The reason that the previous approaches were so complicated was because we were trying to do everything in place, using only the existing clusters. To consolidate onto one of the existing clusters forced us to be mindful of the fact that we had 4 different versions of each topic (one per cluster), and each of those topics had consumers with entirely different offsets. As such, you couldn’t simply make the consumers for one version of that topic start consuming from another version of that topic, since they would either risk re-consuming a number of events, or else missing a number of events.

In order to avoid all of this complexity, we decided to start with a clean slate: create a new cluster.

With a new cluster, the approach to take became extremely simple.

Make all of the producers produce to the new cluster.
Wait for all the consumers to finish consuming on all of the old clusters.
Move all the consumers to consume from the new cluster.

The appeal of this approach was that it had the potential to meet all of our requirements.

There would be no risk of duplicate events, since we were not bothering with mirroring.
There would not need to be any interleaved events, since events were only ever produced directly by the producers, not also by mirrormaker.
There would be no data loss, since the producers would have no downtime

The only requirement which would take more thought was how to minimize consumer lag. On the surface, this approach would require us to wait until the slowest of our consumers was fully caught up on the old cluster before migrating to the new cluster. Some of our consumers consistently had a lag of many hours (these were generally related to batch, offline jobs), and that kind of delay would not be acceptable to our customers.

The other challenge with this approach is that it didn’t initially seem like it could be done gradually. It would potentially require migrating (in a highly coordinated fashion) all the producers at once, and then some time after, all the consumers at once. Migrating this many producers and consumers at once was very risky, since if any of their pipelines were not working properly, it could delay the entire process and result in even more lag.

To address these concerns, we realized that we could break down the migration into several phases.

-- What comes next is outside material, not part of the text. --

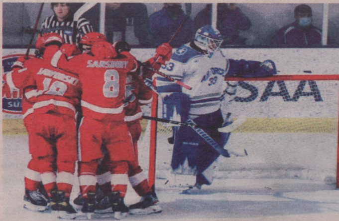
The Pioneers season will open with a game at Providence College on Friday, Oct. 7th.

Sacred Heart Athletics contributed to this article.

Using the insights described in Analysis and Planning, we came up with the following phased approach:

Stage 0: Consumers that can handle out-of-order events
Stage 1: Producers producing only to consumers that handle out-of-order events
Stage 2: Services in self-contained subgraphs
Stage 3: Producers and consumers that cannot tolerate out-of-order events or high lag
Stage 4: Consumers that can tolerate a high amount of lag

Stage 0 consumers were the consumers which could handle out-of-order events. As a result, we could point them to both the old clusters and the new cluster at the same time. That way as soon as the producers moved over to the new cluster, these consumers would immediately receive the new events from the new cluster without any delay.
Immediately after the producers switched over, there would be a brief period where these consumers would be consuming both the remaining unconsumed events from the old clusters, as well as the events from the new cluster. While there would be no duplicates, the ordering between these 2 streams was not guaranteed. That is why this approach only worked for consumers which could handle out-of-order events.

To support consuming from both clusters at once, we started prerequisite enhancement work on our Scala client libraries. We made our configuration handling more flexible to allow us to specify sets of topics to consume from specific clusters. This was the first piece of new development work to support the migration process.

Stage 0 could be done as soon as the new cluster was up and running, and well before the main migration day. It turned out that a majority of our consumers could tolerate out-of-order events, so right away we had reduced the number of consumers we would need to touch on migration day by more than half!

Stage 1 led naturally from stage 0: migrating producers that produced only to topics that were consumed by phase 0 consumers. As such, it could also be done ahead of the main migration, as long as it was completed after stage 0.

Stage 2 was the final of the pre-migration day stages. It involved migrating all of the consumer and producer subgraphs which we had previously identified (described in Analysis and Planning) over to the new cluster.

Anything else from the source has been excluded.